## DATA PROVIDED
━━━━━━

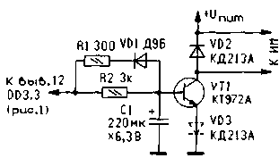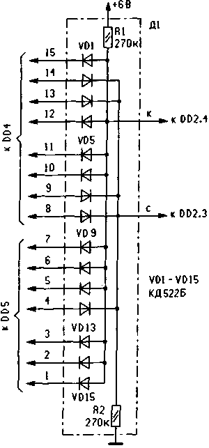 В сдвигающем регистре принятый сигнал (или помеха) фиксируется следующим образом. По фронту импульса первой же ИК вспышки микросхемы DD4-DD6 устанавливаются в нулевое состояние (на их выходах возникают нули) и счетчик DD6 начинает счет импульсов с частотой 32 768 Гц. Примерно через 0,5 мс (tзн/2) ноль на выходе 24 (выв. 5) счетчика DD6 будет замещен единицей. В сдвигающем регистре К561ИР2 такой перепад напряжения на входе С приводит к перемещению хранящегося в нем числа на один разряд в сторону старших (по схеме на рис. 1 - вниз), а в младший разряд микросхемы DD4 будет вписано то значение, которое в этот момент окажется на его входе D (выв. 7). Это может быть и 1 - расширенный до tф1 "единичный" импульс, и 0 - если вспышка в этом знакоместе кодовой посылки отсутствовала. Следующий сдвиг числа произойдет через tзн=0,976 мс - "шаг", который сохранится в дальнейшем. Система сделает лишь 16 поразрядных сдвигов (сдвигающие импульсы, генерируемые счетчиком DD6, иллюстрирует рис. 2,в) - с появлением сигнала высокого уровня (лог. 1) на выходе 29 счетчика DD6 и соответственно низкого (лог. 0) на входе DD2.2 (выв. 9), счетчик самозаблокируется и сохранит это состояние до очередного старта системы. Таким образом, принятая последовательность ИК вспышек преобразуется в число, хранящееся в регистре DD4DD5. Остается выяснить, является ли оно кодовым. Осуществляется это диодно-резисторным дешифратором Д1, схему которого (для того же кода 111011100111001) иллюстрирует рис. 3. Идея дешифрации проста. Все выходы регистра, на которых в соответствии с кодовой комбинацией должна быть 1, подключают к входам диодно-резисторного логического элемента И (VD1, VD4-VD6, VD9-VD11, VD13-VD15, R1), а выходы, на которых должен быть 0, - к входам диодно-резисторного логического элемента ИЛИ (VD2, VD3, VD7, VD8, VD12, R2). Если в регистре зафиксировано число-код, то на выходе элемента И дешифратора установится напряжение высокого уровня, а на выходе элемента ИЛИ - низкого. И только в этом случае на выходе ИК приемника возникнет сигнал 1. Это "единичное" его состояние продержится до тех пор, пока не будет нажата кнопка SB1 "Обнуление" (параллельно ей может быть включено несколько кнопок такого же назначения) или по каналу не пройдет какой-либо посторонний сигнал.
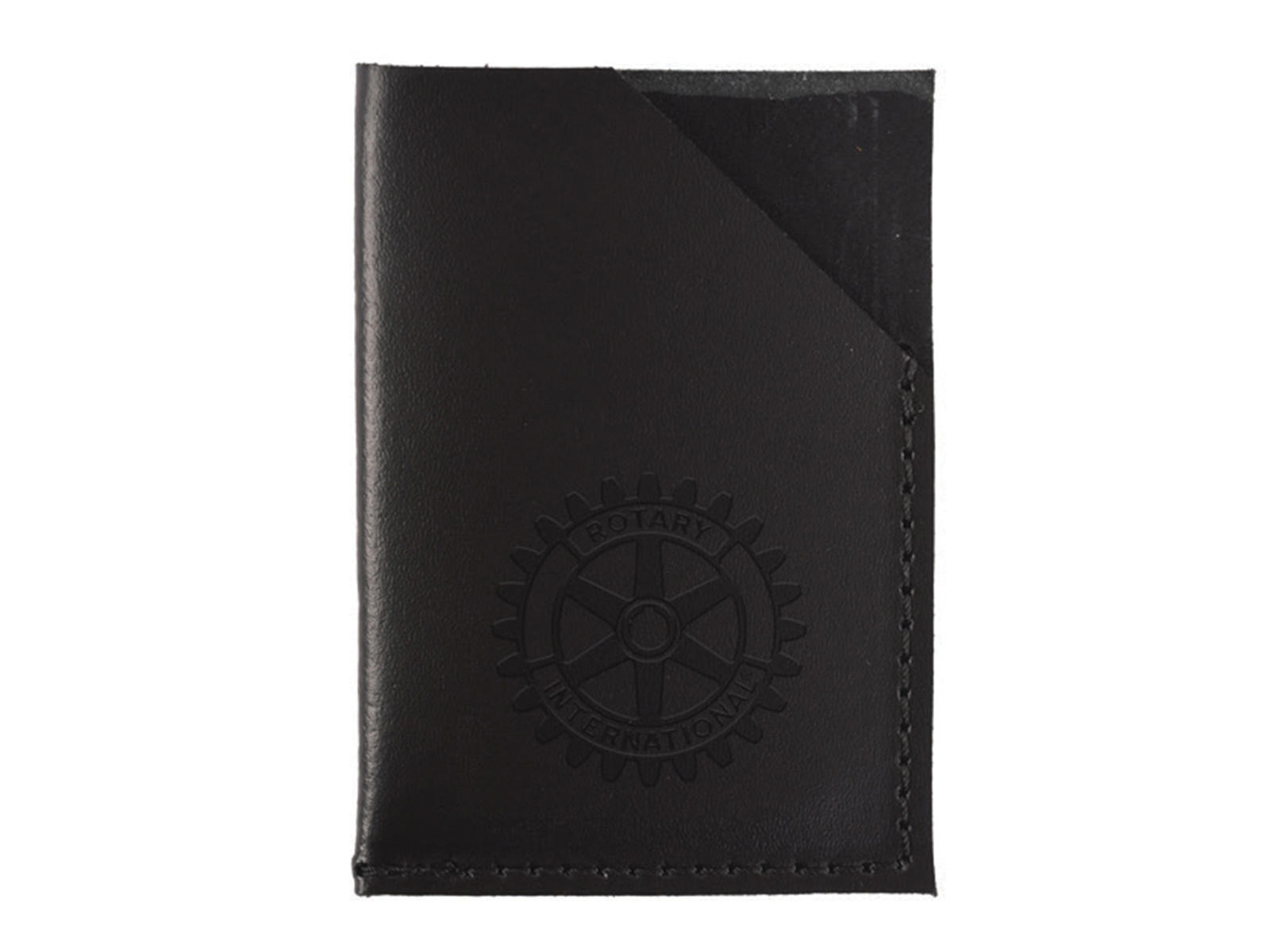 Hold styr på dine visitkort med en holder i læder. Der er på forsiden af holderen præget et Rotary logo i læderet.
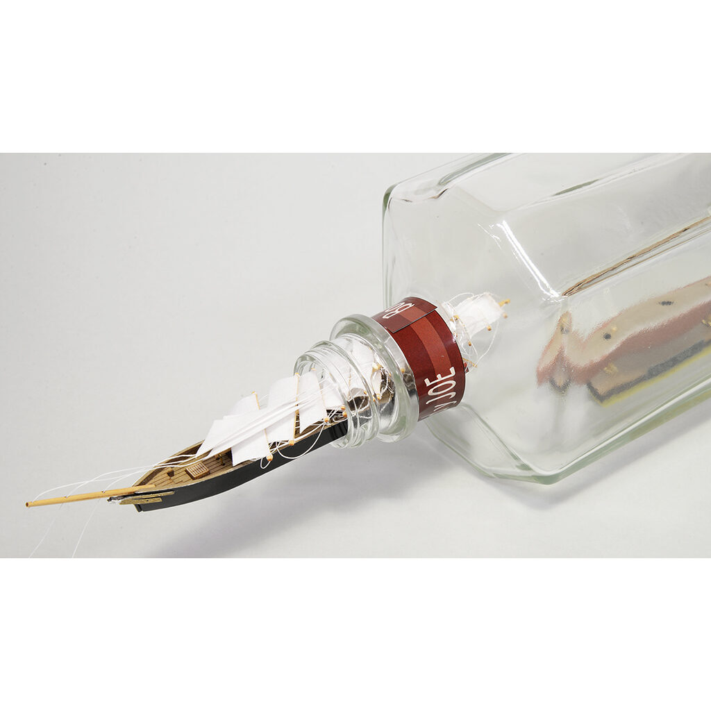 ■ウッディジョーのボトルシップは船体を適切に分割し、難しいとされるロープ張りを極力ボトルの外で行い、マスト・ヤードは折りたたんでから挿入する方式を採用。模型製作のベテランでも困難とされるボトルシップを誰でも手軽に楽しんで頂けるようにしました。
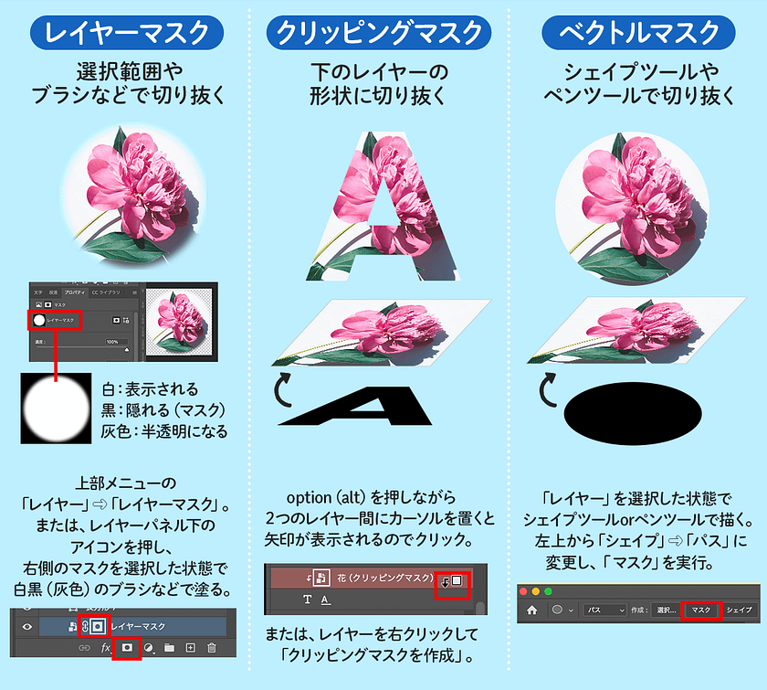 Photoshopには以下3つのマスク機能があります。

━━━━━━

Retype, exactly as written, each line from the one containing "Hold styr på" through the end of the data above, and leave out every picture.

## RESULT BELOW
 Hold styr på dine visitkort med en holder i læder. Der er på forsiden af holderen præget et Rotary logo i læderet.
 ■ウッディジョーのボトルシップは船体を適切に分割し、難しいとされるロープ張りを極力ボトルの外で行い、マスト・ヤードは折りたたんでから挿入する方式を採用。模型製作のベテランでも困難とされるボトルシップを誰でも手軽に楽しんで頂けるようにしました。
 Photoshopには以下3つのマスク機能があります。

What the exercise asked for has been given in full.